Equine Herpesvirus-1 has been reported in several states causing alarm in equine communities. EHV-1 is highly contagious among horses and can cause a variety of ailments in equines, including respiratory disease, abortion in broodmares, and myeloencephalopathy (EHM, the neurologic form).Here are the basic facts you should know about Equine Herpesvirus:

Overview of Herpesvirus

Herpesviruses are a species-specific family of DNA viruses. They are characteristic because of their ability to cause life-long infection by becoming latent. The virus is reactivated in times of stress, such as shipping, competition, etc. This results in re-infection and transmission of the virus to susceptible hosts. Herpesviruses cause disease by damaging a host’s blood vessels.

Herpesvirus in the Horse

Herpesvirus is common worldwide in the horse. A majority of the time the virus is dormant and does not cause illness. The most common sign of Herpesvirus is respiratory disease. While there are 5 subtypes of Equine Herpesvirus (EHV), 3 are considered health risks for horses (EHV-1, EHV-3, and EHV-4)

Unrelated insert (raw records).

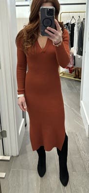 I seem to be on a kick with sweater dresses lately. I love how easy they are for work. This was a great dress. Fit well, not too low cut. I did like the length with my boots. Would rent again.
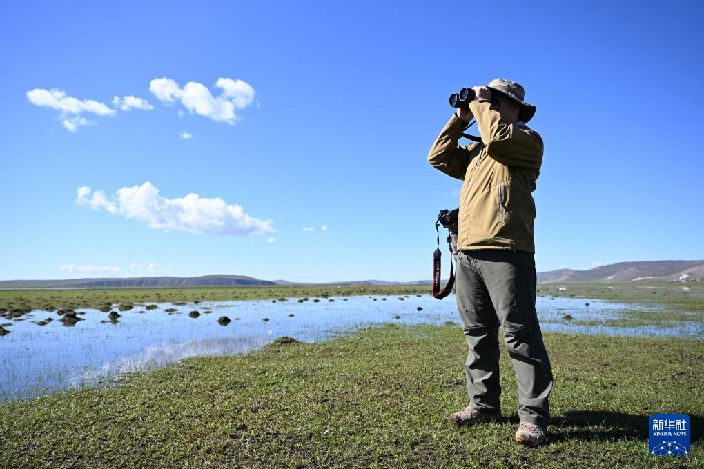 9月15日,宝金财在额尔古纳湿地自然保护区使用望远镜观测鸟类。新华社记者 贝赫 摄
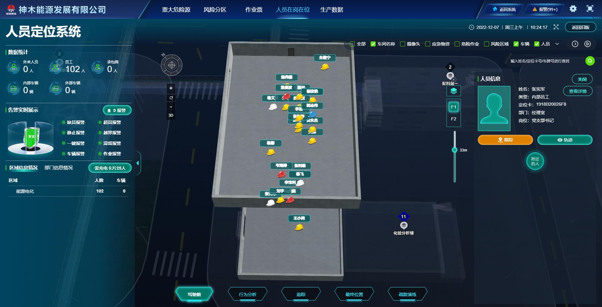 127日,神木煤化工能源公司人員在崗在位管理系統(tǒng)正式投入使用。該系統(tǒng)主要包括區(qū)域人數(shù)車輛統(tǒng)計(jì)、人員實(shí)時(shí)定位、人員歷史軌跡回放、缺員報(bào)警、超員報(bào)警、靜止報(bào)警、越界報(bào)警、一鍵報(bào)警、滯留報(bào)警、車輛報(bào)警、作業(yè)報(bào)警、低電報(bào)警、數(shù)據(jù)可視化展示、數(shù)據(jù)接口等功能。

  • EHV-1: respiratory disease, abortion, neonatal death, neurologic disease
  • EHV-2: pharyngitis and lymphoid hyperplasia (respiratory disease affecting the upper respiratory tract)
  • EHV-3: causes equine coital xanthema, a benign venereal disease affecting the external genitalia
  • EHV-4: respiratory disease (uncommonly causes abortion, neonatal death, neurologic disease)
  • EHV-5: respiratory disease

Equine Herpesvirus Myeloencephalopathy (EHM)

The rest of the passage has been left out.